• [Material shown]
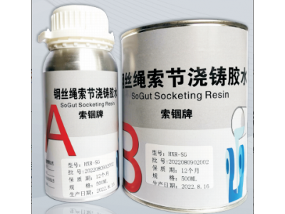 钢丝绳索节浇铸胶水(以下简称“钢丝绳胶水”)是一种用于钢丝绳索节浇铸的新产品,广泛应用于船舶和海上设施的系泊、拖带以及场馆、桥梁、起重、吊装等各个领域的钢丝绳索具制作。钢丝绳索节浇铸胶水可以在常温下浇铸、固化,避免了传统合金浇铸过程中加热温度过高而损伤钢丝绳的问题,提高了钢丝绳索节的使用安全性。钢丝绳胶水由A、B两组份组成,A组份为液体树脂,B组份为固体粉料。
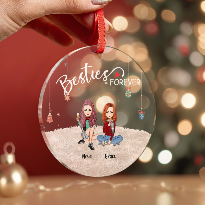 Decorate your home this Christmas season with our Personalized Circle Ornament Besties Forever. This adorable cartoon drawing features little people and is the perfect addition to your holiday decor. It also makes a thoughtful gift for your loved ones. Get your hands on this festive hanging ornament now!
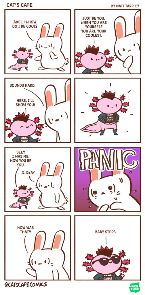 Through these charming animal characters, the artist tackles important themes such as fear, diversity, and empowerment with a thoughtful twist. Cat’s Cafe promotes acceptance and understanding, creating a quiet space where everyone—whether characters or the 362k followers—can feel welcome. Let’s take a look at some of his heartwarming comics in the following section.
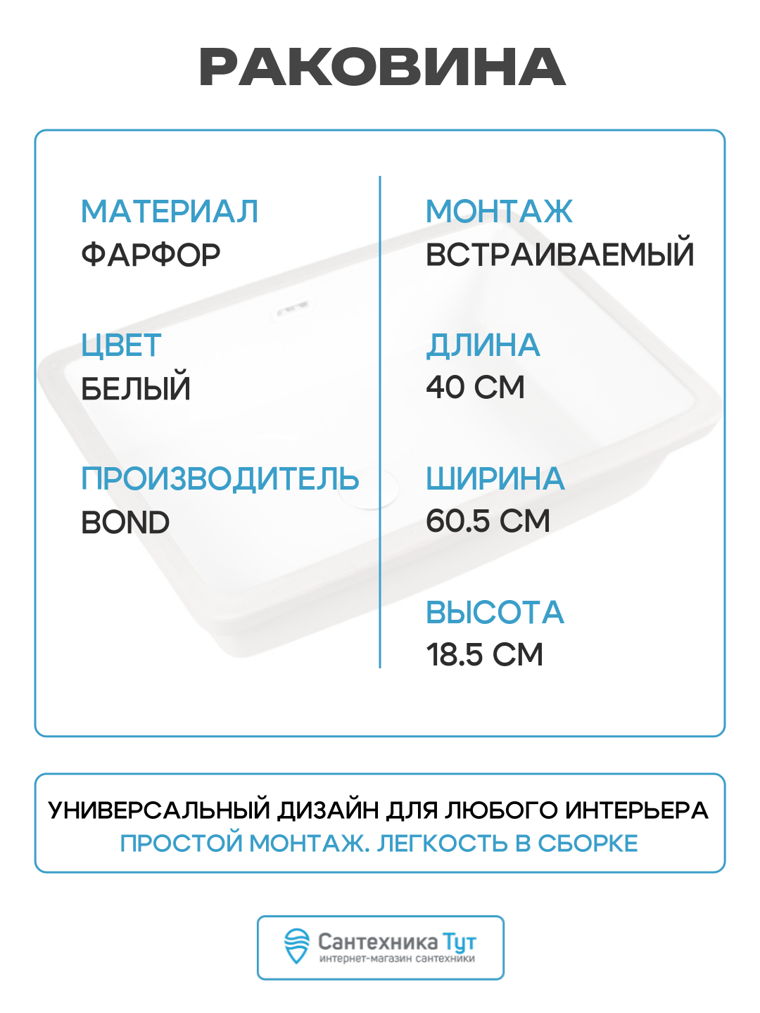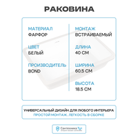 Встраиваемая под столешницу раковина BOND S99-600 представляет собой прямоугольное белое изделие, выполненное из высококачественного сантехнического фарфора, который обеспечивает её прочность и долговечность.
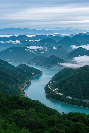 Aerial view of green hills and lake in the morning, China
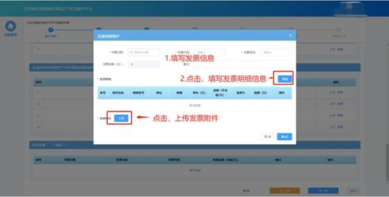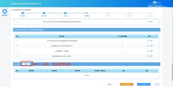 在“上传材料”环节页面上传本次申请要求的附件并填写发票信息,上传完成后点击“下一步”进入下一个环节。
--
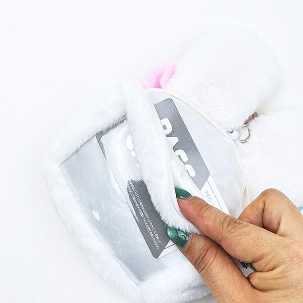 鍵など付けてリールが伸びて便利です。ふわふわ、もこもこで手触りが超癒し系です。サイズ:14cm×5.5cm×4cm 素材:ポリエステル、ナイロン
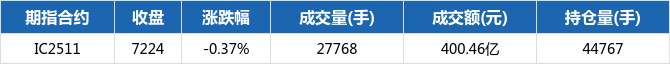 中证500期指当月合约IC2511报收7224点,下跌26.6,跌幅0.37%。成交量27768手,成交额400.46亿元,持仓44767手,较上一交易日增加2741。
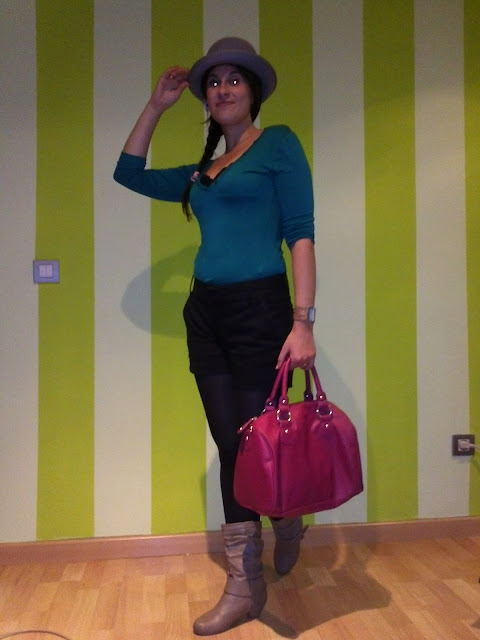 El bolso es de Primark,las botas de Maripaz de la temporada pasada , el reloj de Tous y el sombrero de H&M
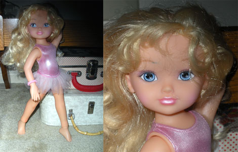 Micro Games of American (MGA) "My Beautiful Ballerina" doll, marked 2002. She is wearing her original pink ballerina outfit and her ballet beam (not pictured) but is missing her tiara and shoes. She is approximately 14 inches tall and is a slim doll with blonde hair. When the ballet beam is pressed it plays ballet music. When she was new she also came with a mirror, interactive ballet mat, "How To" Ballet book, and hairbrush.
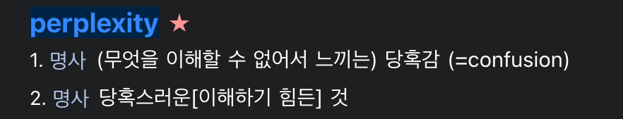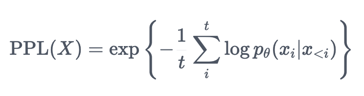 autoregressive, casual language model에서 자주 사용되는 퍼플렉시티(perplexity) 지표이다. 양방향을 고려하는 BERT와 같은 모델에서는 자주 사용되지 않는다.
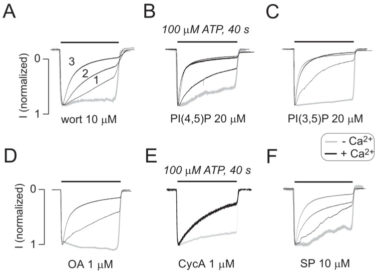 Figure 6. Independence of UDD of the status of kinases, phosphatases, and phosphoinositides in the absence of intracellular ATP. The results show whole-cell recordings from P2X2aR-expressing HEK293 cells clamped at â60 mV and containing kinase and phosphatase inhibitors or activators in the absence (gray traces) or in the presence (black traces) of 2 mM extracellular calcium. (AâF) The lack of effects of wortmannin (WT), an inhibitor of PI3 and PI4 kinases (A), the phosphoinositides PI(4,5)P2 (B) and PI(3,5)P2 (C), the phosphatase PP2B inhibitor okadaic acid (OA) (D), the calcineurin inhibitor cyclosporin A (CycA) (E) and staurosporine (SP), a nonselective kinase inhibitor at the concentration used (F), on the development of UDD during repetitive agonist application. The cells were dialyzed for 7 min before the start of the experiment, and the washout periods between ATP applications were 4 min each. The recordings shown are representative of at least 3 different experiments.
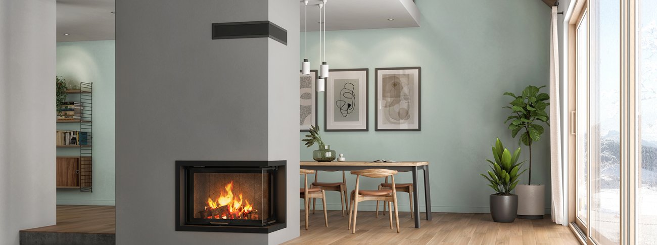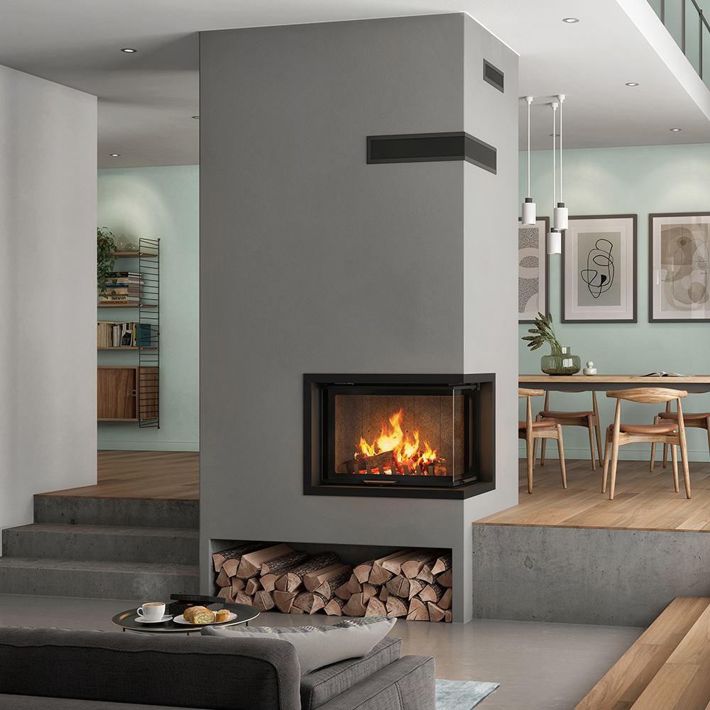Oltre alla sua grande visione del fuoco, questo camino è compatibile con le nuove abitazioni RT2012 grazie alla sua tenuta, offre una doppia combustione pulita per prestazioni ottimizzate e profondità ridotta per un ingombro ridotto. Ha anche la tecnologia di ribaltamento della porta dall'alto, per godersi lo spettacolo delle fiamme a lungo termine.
...
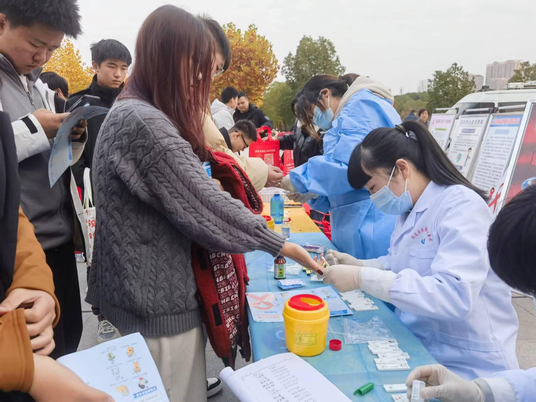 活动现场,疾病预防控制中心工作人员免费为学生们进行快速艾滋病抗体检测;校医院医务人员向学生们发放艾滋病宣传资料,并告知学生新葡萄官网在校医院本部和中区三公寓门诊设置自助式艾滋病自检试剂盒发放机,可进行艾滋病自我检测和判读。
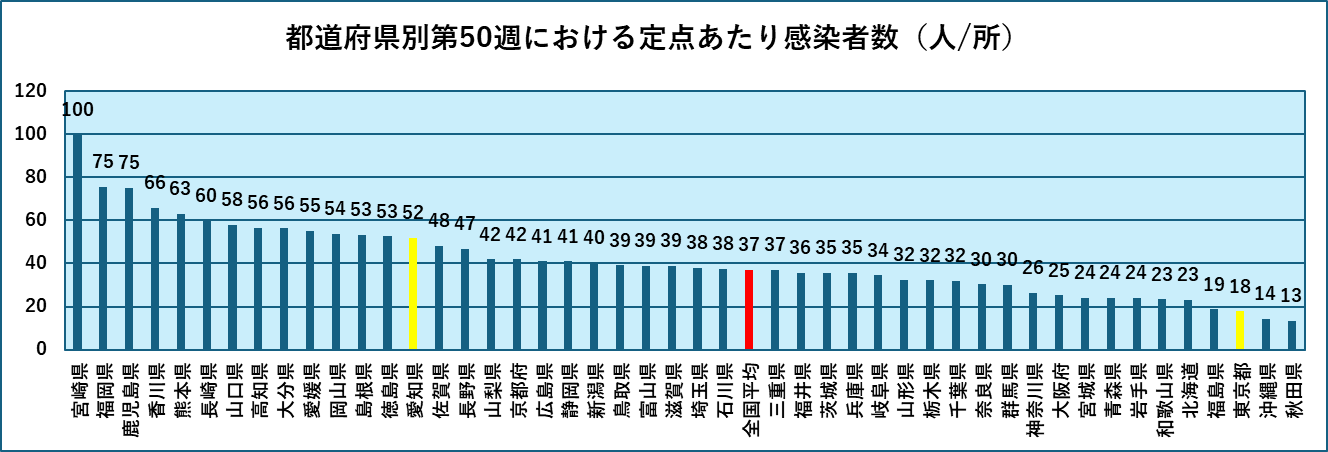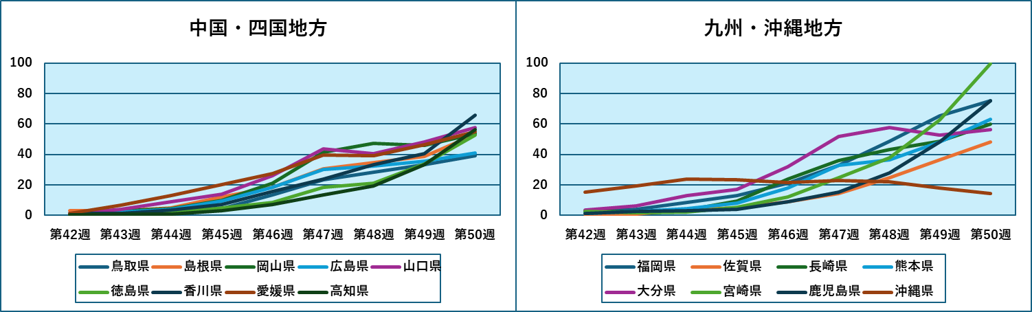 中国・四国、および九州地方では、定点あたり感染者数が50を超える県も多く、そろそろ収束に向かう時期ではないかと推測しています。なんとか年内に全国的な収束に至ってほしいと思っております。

• [Task description] From the records above, transcribe exactly the lines starting at the one containing "鍵など付けてリールが伸びて便" and ending at the one containing "autoregressive, casual language". Skip the pictures.

• [Exercise answer]
 鍵など付けてリールが伸びて便利です。ふわふわ、もこもこで手触りが超癒し系です。サイズ:14cm×5.5cm×4cm 素材:ポリエステル、ナイロン
 中证500期指当月合约IC2511报收7224点,下跌26.6,跌幅0.37%。成交量27768手,成交额400.46亿元,持仓44767手,较上一交易日增加2741。
 El bolso es de Primark,las botas de Maripaz de la temporada pasada , el reloj de Tous y el sombrero de H&M
 Micro Games of American (MGA) "My Beautiful Ballerina" doll, marked 2002. She is wearing her original pink ballerina outfit and her ballet beam (not pictured) but is missing her tiara and shoes. She is approximately 14 inches tall and is a slim doll with blonde hair. When the ballet beam is pressed it plays ballet music. When she was new she also came with a mirror, interactive ballet mat, "How To" Ballet book, and hairbrush.
 autoregressive, casual language model에서 자주 사용되는 퍼플렉시티(perplexity) 지표이다. 양방향을 고려하는 BERT와 같은 모델에서는 자주 사용되지 않는다.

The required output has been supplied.